C’est la première incursion de Nina Allan sur les terres du roman noir, mais ses lecteurs ne seront pas dépaysés. L’autrice, elle-même résidente de la superbe île de Bute, s’approprie le genre, avec son style propre et ses marottes. Aussi, dans cette sorte d’étrange «polar de terroir» (mais de haute volée!) façon Trois crimes à Ploumanac’h, ce genre cher à nos voisins (non, pas les fées et les lutins, cette fois…), elle fissure une nouvelle fois le réel, et mêle ses personnages fictifs tourmentés à de célèbres scientifiques ou au peintre anglais fou et parricide Richard Dadd. Non sans mener en bateau (plutôt en ferry, ici) le lecteur fasciné –«Toute intrigue policière doit comporter une fausse piste, c’est la règle», rappelle Cath… Avec, toujours, cette justesse dans les dialogues et cette propension à entrer dans la tête de ses personnages. Cath est du reste si hantée par la mort de Shirley que celle-ci l’interrompt régulièrement dans ses pensées.

Si les dernières pages laissent penser que le crime a finalement été élucidé, Nina Allan laisse volontairement planer le doute sur de nombreux éléments de l’intrigue que, d’ailleurs, elle ne résout pas. De quoi autoriser les lecteurs un brin rêveurs à se laisser aller à des interprétations très personnelles et… folkloriques.

Maria Pourchet

Stock, 336 p.

Après l’amour, qu’elle a scruté sous bien des formes, souvent il y a la rupture. C’est elle que Maria Pourchet décortique dans Tressaillir, une rupture qui, loin d’être un geste sec, s’éprouve au fil du temps. Michelle part, elle quitte Sirius, ou plutôt s’en arrache, y laissant quelques lambeaux d’elle-même. La séparation va réveiller la peur viscérale qui l’étreint depuis sa plus tendre enfance, une peur qui est comme un mécanisme de survie, et qu’elle explorera en rentrant chez elle, dans la forêt, ce départ se doublant alors d’un retour.

Laurent Mauvignier

Editions de Minuit, 752 p.

Tout commence le jour où le narrateur, double à peine fictif de l’auteur, part à la recherche de la médaille de la Légion d’honneur de Jules, son arrière-grand-père et héros de la Grande Guerre, dans la maison familiale du hameau fictif de La Bassée. Il a beau fouiller partout, il ne la retrouve pas. Il exhume en revanche d’autres breloques, photos jaunies et bijoux de ses aïeux qui l’entraîneront dans un long (750 pages!) voyage immobile à travers le temps, sur les traces des fantômes perchés sur son arbre généalogique.

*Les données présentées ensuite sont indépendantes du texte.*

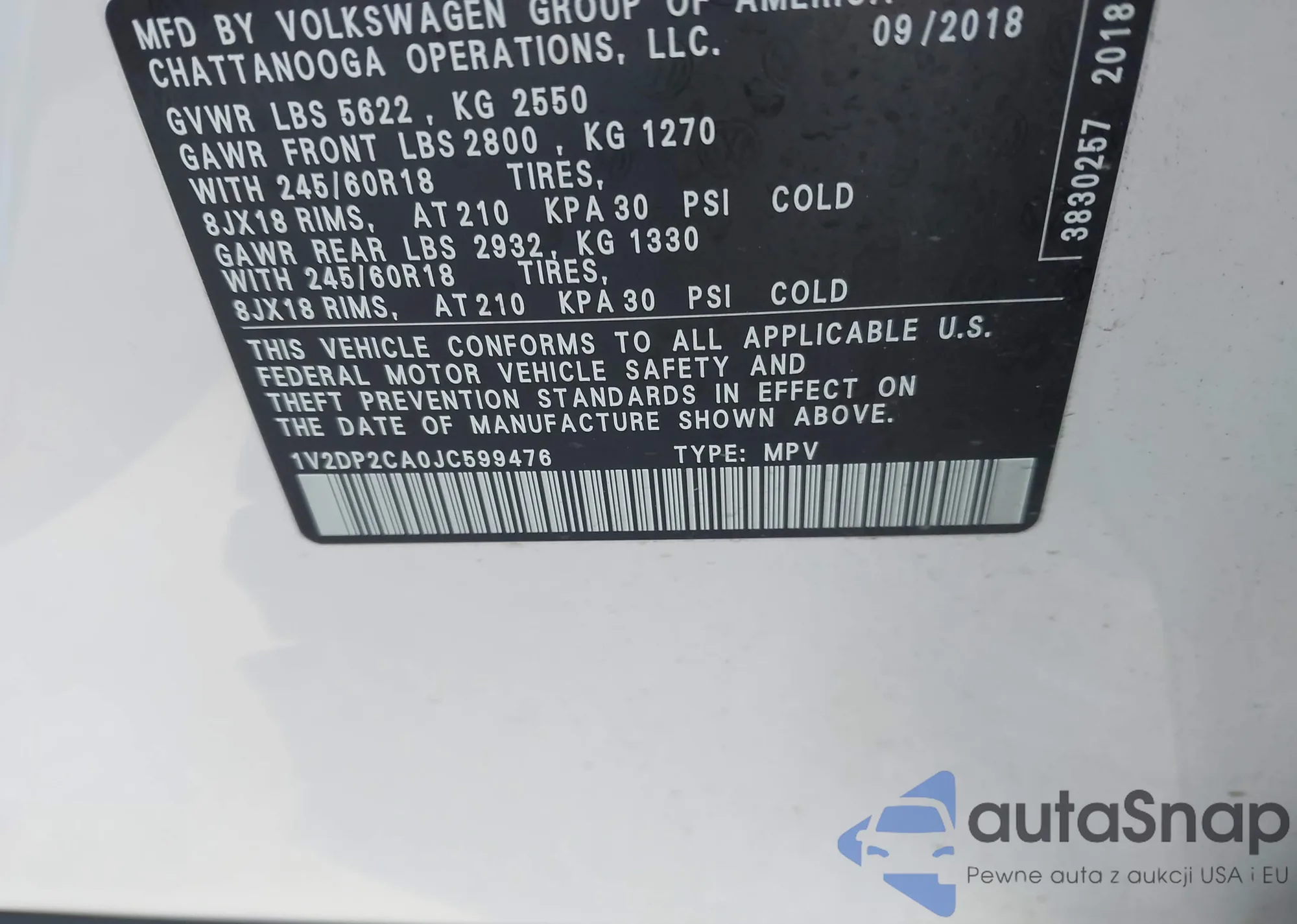 • VIN: 1V2DP2CA0JC599476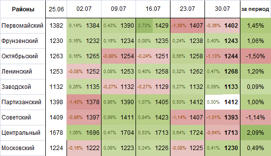 Что касается районных различий изменения цен предложения, то на 30 июля они выглядят следующим образом:

Une enquête dans les replis de la mémoire s‘étalant sur trois générations dont l’ampleur rappelle un certain Marcel Proust. D’autant que, comme son illustre prédécesseur, l’auteur du remarquable thriller Histoires de la nuit, ici au sommet de son art, laisse vagabonder sa pensée sans fil conducteur, sans intrigue autre que le souci de ressusciter un monde englouti, «ignoré de nous-mêmes», en entremêlant reconstitution documentaire et pure invention romanesque. L’ombre de Flaubert et de Zola plane aussi sur cette introspection pudique portée par une voix ample et sinueuse comme un fleuve majestueux reflétant mille nuances. Le hasard faisant bien les choses, l’un des personnages centraux de cette enquête intime hors norme, à savoir son arrière-grand-mère Marie-Ernestine Chichery, est née… Proust. Pas de lien de parenté avec l’autre, mais la coïncidence est tout de même troublante.

S’appuyant sur les vestiges abandonnés dans La Maison vide (un foulard jaune, une vieille commode ébréchée, un antique piano), l’écrivain reconstitue les pièces d’un puzzle de la bourgeoisie provinciale moins banal qu’il n’y paraît à première vue. Déjà, il y a ce mystère: pourquoi sa grand-mère Marguerite a-t-elle été systématiquement défigurée sur les photos, à coups de ciseaux ou de gribouillages rageurs? Comme une tentative de l’effacer de la mémoire. Tout se tient pour Laurent Mauvignier qui pressent que la violence du geste de son père, suicidé en 1983, trouve son origine dans ce passé trouble. C’est même l’un des fils rouges de son entreprise: «Et moi, à l’autre bout du XXe siècle, déjà embringué dans le suivant sans même avoir eu le temps de le croire, me voilà aujourd’hui embrassant cette histoire d’un seul coup d’œil, avec, étalée devant moi, l’évidence qu’il s’agit d’une seule et même histoire diffractée en différentes parties reliées par une unité souterraine.»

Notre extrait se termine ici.